Work instruction>
Give back an exact copy of the lines in the records below, from the line that has "picanha 250gr, fokhagymás-vajas" through the line that has "Contoh Rancangan Pengajaran", and nothing besides.

Material supplied>

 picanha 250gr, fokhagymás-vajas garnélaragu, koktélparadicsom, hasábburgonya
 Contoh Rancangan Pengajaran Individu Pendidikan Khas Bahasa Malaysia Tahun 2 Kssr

==

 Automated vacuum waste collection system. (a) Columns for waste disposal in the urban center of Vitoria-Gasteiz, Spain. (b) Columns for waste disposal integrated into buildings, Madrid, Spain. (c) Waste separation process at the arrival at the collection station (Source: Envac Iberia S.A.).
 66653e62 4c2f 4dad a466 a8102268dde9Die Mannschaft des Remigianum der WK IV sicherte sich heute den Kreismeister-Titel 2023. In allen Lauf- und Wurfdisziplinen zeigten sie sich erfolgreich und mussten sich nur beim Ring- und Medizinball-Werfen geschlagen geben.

Task solution>
 picanha 250gr, fokhagymás-vajas garnélaragu, koktélparadicsom, hasábburgonya
 Contoh Rancangan Pengajaran Individu Pendidikan Khas Bahasa Malaysia Tahun 2 Kssr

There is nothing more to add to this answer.